Git alias could run in dash, not bash — even if `/bin/bash` exists

I Wrote a git alias using [[ ... ]] and =~. Works fine in my interactive bash. Run the alias and it explodes:

$ git co master
... Syntax error: "(" unexpected (expecting "then")
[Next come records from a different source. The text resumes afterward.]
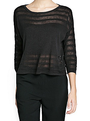 Χαριτωμένο και ευκολοφόρετο τοπ με διαφανείς ρίγες και ματ μπούστο, σε μαύρο χρώμα. Συνδυάστε το με μαύρο παντελόνι γραφείο ή και με τζιν και μαύρες μπαλαρίνες.
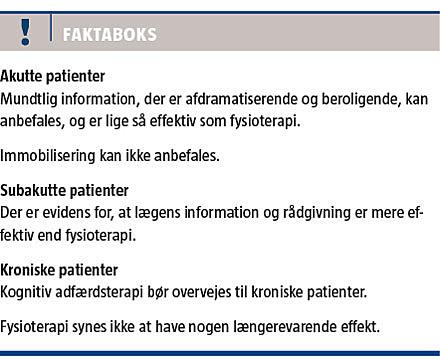 kliniske undersøgelser giver anledning til følgende konklusioner angående behandling: Immobilisering kan fortsat ikke anbefales til akutte patienter, og der er ikke påvist en effekt af fysioterapeutisk behandling sammenlignet med råd om at genoptage normal aktivitet. Hos de subakutte patienter fandtes en bedre effekt af træning superviseret af fysioterapeut end af information fra fysioterapeuter, men ikke bedre end vejledning fra læger. Der var ingen vedvarende effekt af fysioterapi hos de kroniske patienter, men kognitiv adfærdsterapi viser potentiale og bør overvejes.
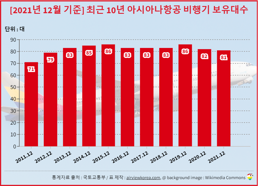 [~2021년 12월] 최근 10년 아시아나항공 비행기는 몇대? 보유대수/보유기종 변화 (BOEING[보잉] AIRBUS[에어버스] 항공기)

First instinct: "but I have bash installed":

$ ls -l /bin/bash
-rwxr-xr-x 1 root root 1298416 ... /bin/bash
$ /bin/bash --version
GNU bash, version 5.2.37(1)-release ...

Doesn't matter. A git alias starting with ! is hardcoded to run under /bin/sh — it doesn't read $SHELL, doesn't care what your login shell is. On Debian/Ubuntu /bin/sh -> dash, and dash doesn't understand [[, =~, == or other bash extensions:

$ ls -l /bin/sh
lrwxrwxrwx 1 root root 4 ... /bin/sh -> dash
$ echo '[[ "a" == a* ]]' | /bin/sh
/bin/sh: 1: [[: not found

The source is run-command.c::prepare_shell_cmd() in git itself — it literally calls sh -c.

Two fixes:

Wrap in bash -c explicitly (minimal change, but the nested quoting inside an alias gets ugly fast):

co = "!bash -c 'f() { ...bash syntax... }; f \"$@\"' _"

Rewrite as POSIX sh (preferred). Common substitutions:

  • [[ "$x" == -* ]]case "$x" in -*) ... ;; esac
  • [[ "$x" =~ ^HEAD~ ]]case "$x" in HEAD~*) ... ;; esac
  • [[ "$a" == "$b" ]][ "$a" = "$b" ]
  • [[ -f foo ]][ -f foo ] (already POSIX, no reason to use [[)

Lesson: write git aliases as if dash is the only shell on the planet. Don't reach for [[ because it feels nicer — either wrap with bash -c or just use case.